Meraup Rezeki dari Jajanan Buroncong

Basri dan istrinya Sitti Rabiah - (foto by: Ardi Jaho)

CELEBESMEDIA.ID, Makassar - Buroncong, salah satu kue tradisional khas Sulawesi Selatan. Konon menurut cerita, dulu kue buroncong dikonsumsi oleh para pejuang gerilyawan di Sulawesi Selatan untuk menahan rasa lapar pengganti makanan berat.

Meski telah ada sejak dulu, namun jajanan bercita rasa manis dan gurih ini masih bisa dijumpai hingga kini.

Tak sulit menemukan penjual kudapan berbahan dasar santan dan terigu ini  Terutama pada pagi hari. Asap telah mengepul dari gerobak para penjual buroncong yang berbaris rapi menanti pembeli di tepi jalan Kota Makassar. 

Basri, salah satu dari sekian banyak penjual buroncong yang menggantungkan hidup dengan menjajakan kue tradisional tersebut. 

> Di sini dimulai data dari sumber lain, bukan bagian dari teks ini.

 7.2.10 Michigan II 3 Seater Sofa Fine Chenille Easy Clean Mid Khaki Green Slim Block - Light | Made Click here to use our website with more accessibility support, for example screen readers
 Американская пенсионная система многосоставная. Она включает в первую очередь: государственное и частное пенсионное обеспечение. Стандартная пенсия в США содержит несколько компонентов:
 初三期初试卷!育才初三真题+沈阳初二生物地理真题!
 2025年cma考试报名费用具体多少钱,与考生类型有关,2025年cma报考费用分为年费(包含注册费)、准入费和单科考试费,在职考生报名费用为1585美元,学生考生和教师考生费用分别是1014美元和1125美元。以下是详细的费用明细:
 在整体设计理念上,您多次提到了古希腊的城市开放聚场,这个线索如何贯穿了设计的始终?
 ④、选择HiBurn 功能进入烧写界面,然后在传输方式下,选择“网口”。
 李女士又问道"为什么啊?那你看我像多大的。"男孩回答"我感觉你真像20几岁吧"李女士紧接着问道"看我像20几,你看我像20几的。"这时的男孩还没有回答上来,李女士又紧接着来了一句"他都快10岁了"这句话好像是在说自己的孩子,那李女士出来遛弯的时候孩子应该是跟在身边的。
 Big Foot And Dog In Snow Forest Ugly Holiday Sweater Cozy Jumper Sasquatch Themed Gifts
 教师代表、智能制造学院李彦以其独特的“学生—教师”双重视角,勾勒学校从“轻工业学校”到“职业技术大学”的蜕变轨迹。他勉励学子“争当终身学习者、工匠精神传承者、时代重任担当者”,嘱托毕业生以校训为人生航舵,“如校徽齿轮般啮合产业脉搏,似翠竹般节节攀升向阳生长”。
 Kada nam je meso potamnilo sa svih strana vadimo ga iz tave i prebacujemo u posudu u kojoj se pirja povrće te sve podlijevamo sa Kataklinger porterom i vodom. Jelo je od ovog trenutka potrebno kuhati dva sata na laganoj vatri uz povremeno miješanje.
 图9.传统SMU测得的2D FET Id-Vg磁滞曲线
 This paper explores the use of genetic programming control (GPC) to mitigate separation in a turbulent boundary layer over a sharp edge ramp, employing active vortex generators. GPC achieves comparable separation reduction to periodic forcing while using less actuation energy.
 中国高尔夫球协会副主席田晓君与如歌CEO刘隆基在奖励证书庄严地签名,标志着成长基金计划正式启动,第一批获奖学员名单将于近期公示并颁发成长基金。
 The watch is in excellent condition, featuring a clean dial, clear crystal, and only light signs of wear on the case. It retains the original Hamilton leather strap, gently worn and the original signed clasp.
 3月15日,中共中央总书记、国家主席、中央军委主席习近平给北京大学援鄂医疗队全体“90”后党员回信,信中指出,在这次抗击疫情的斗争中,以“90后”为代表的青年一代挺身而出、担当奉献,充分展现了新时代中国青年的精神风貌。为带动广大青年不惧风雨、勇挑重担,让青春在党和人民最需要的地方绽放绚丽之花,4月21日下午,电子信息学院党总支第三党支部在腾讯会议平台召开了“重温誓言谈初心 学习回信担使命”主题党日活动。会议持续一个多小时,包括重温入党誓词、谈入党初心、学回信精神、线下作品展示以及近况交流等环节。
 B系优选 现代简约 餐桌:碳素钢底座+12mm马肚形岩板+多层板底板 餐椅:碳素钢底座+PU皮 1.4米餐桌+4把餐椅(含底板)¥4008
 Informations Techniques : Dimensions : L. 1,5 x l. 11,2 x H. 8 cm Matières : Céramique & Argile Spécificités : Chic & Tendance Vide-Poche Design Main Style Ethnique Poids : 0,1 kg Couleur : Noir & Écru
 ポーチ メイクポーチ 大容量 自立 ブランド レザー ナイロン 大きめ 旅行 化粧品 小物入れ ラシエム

Pagi itu masih gelap. Usai menunaikan salat Subuh, Basri ditemani istrinya Siti Rabiah tengah sibuk mempersiapkan segala kebutuhan untuk membuat adonan buroncong.

Satu per satu bahan mulai disiapkan. Siti Rabiah sibuk mencampurkan adonan ke dalam wadah. Sementara Basri suaminya, mulai menyalakan mesin sepeda motornya.

Basri kelahiran tahun 1960-an asal Takalar mulai mengendarai sepeda motornya. Istrinya dengan posisi duduk yang sempurna di atas motor memegang erat adonan buroncong yang dibawanya menggunakan sebuah wadah tertutup.

Jarak antara Kabupaten Takalar ke Makassar cukup jauh, membutuhkan waktu tempuh kurang lebih 1 jam 30 menit. 

"Jadi setiap paginya setelah menunaikan sholat subuh, saya dan istri menyiapkan semua bahan adonan untuk membuat kue broncong, bahan yang disiapkan seperti kelapa, terigu, mentega, tepung, gula, dan garam, setelah adonan selesai dibuat lalu dibawa ke Makassar untuk dijual," ucap Basri kepada CELEBESMEDIA.ID, Minggu (20/3/2022).

Pasangan suami istri ini telah berjualan buroncong sejak tahun 1993. Awalnya mereka berjualan di daerah Takalar, namun karena pembeli yang sedikit sehingga mereka memutuskan untuk berjualan di Makassar tepatnya di Jalan Hertasning.

"Jadi pembuatan kue broncong diajarkan oleh orang tua, dan sudah diwarisi dari turun temurun, awalnya hanya menjual di kampung halaman Kabupaten Takalar, namun karena setiap tahun semakin sedikit pembeli, saya mencoba menjual di Makassar pada tahun 1993, dan Alhamdulillah pembelinya banyak sekali, dan sampai sekarang masih berjualan di pinggir Jalan Hertasning," ucapnya.

Mereka tampak kompak berbagi tugas setelah tiba di lokasi berjualan. Basri membersihkan gerobak dan menyiapkan kayu bakar, sementara istrinya yang memanggang adonan kue broncong. Asap perlahan mengepul, hanya butuh sekitar 3 menit buroncong hangat siap disantap.

Dengan berjualan pagi hingga sore hari, penghasilan yang didapatkan diakui Basri sudah dapat memenuhi kebutuhan hidup keluarganya. Tetapi jika hari hujan penghasilan yang diperoleh lebih sedikit karena pembeli yang sepi. 

"Alhamdulillah. dengan berjualan buroncong di Jalan Hertasning ini terbilang bagus, karena pembelinya lumayanlah, per hari keuntungan bisa Rp100 ribu sampai Rp200 ribu, meski bahan pokok naik, saya tetap menjual dengan harga normal Rp1.000 per buah," tutupnya.